Эти башмаки были сняты с него и убраны вместе с остальной его одеждой два года тому назад!
Я воспользовался случаем, чтобы спросить, как ведут себя заключенные непосредственно перед выходом из тюрьмы, причем высказал предположение, что многих, вероятно, лихорадит.
– Нет, это не столько лихорадка, – хотя бывает, что их бьет дрожь, – сколько полное расстройство нервной системы, – последовал ответ. – Они не могут расписаться в книге, иногда не могут даже держать в руке перо, озираются по сторонам, словно не понимая, где они и для чего, а иногда по двадцать раз в минуту встают и снова садятся. Это бывает с ними в канцелярии, куда их приводят в капюшоне, так же, как при поступлении в тюрьму. Выйдя за ворота, они останавливаются и смотрят сперва в одну сторону, потом в другую, не зная, куда идти. Иногда они шатаются, как пьяные, а иногда бывают вынуждены прислониться к забору – так им худо. Но со временем это проходит.

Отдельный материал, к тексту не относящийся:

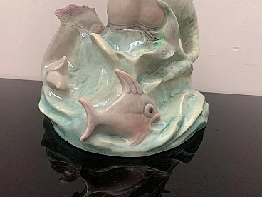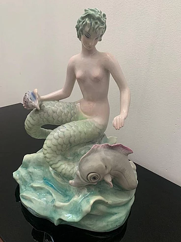 Ceramic sculpture depicting bicaudate mermaid by Le Bertetti, 1930s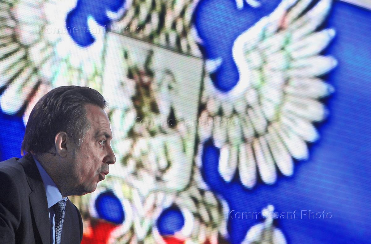 Министр спорта, туризма и молодежной политики России Виталий Мутко на пресс-конференции, посвященной презентации пяти регионов России в преддверии заседания Государственного совета по молодежной политике. Пресс-конференция прошла в ИТАР-ТАСС.

Когда я ходил по этим одиночным камерам и смотрел на лица заключенных, я старался вообразить те мысли и чувства, которые естественны в их состоянии. Я представлял себе – вот с заключенного только что сняли капюшон и перед ним предстала его темница во всем своем гнетущем однообразии.
Сначала человек оглушен. Его заключение – страшный сон, прежняя жизнь – действительность. Он бросается на койку и лежит, предавшись отчаянию. Постепенно невыносимая тишина и нагота камеры выводят его из оцепенения, и когда открывается окошко в решетчатой двери, он смиренно просит о работе: «Дайте мне какую-нибудь работу, или я с ума сойду!» Ему дают работу, и мало-помалу он привыкает к труду, но то и дело его обжигает мысль о долгих годах, которые придется пронести в этом каменном гробу, и столь острая боль при воспоминании о тех, кого он не видит и о ком ничего не знает, что он вскакивает с места и мечется из угла в угол по тесной камере, сжимая руками виски, – ему слышатся голоса, подстрекающие размозжить голову о стену. Опять он падает на койку, лежит на ней и стонет. Потом вдруг вскочит: а рядом, с каждой стороны, тоже такая камера? И напряженно прислушивается.
Ни звука, – но все же где-нибудь поблизости, наверно, есть заключенные. Он припоминает, что слышал однажды, – когда еще не помышлял очутиться здесь, будто камеры построены таким образом, что заключенные не могут, слышать друг друга, тогда как тюремщики слышат их всех. Где ближайший сосед – справа, слева ли, или же и там и тут есть люди? Сидит ли этот сосед сейчас лицом к свету, или ходит взад и вперед? Как он одет? Давно ли здесь? Очень ли он измучен? Верно, бледен и похож на привидение? Думает ли и он тоже о своем соседе?
Не смея дохнуть и все прислушиваясь, он вызывает в своем воображении фигуру, повернувшуюся к нему спиной, и представляет себе, как она двигается в этой соседней с ним камере. Он не знает, какое у этого человека лицо, но ясно видит его темный согбенный силуэт. В соседнюю камеру с другой стороны он помещает другого узника, чье лицо так же скрыто от него. День заднем, а нередко и пробуждаясь среди ночи, он думает об этих двоих чуть не до потери рассудка. Он никогда не меняет их облика. Они всегда одни и те же, какими он их впервые представил себе – старик справа, человек помоложе слева; для него мучительно, что он не видит их лиц – они окутаны тайной, заставляющей его содрогаться.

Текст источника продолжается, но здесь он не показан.